Select the correct answer. Which graph represents the solution to the inequality? -2.4(x − 6) ≥ 52.8 A. A number line ranges from negative 22 through negative 2 from left to the right in increments of 2. A solid circular point is at negative 16

To solve the inequality \(-2.4(x - 6) \geq 52.8\), we start by isolating \(x\). 1. Distribute \(-2.4\): \[ -2.4x + 14.4 \geq 52.8 \] 2. Subtract \(14.4\) from both sides: \[ -2.4x \geq 52.8 - 14.4 \] \[ -2.4x \geq 38.4 \] 3. Divide both sides by \(-2.4\).

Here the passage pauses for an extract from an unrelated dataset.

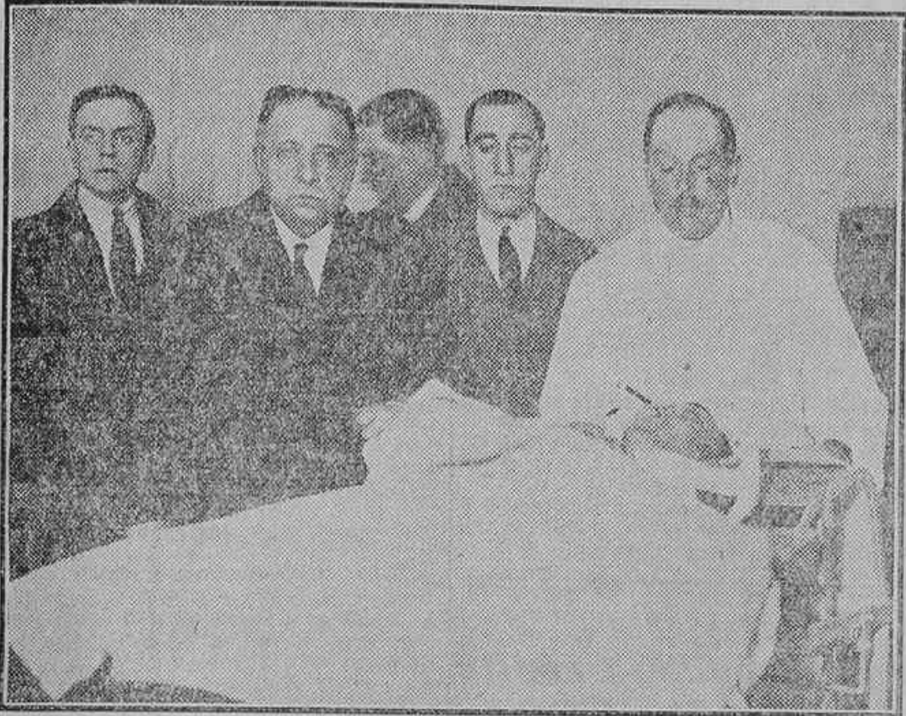
DEL SUCESO DE AYER.—EL JUZGADO DE GUARDIA PRACTICANDO DILIGENCIAS EN LA CASA DE SOCORRO

Dijo que después de haber encerrado el automóvil con que sirve, se dirigía a su domicilio, cuando al llegar a la calle del Príncipe, frente al número 16, sintió voces y algo así como si en el mostrador de la joyería diesen golpes sobre los cierres. Acto seguido vió salir corriendo del

Remember to flip the inequality sign when dividing by a negative number: \[ x \leq \frac{38.4}{-2.4} \] \[ x \leq -16 \] Now, the solution set is \(x \leq -16\). This means we have a solid circle at \(-16\) and an arrow extending to the left on a number line. Looking at the options provided: - **Option A:** A solid circular point at -16 with an arrow extending to the left (which matches our solution). - **Option B:** A solid circular point at -16 with an arrow extending to the right (incorrect). - **Option C:** A solid circular point at -8 with an arrow extending to the left (incorrect). - **Option D:** A solid circular point at -8 with an arrow extending to the right (incorrect). The correct answer is **A**.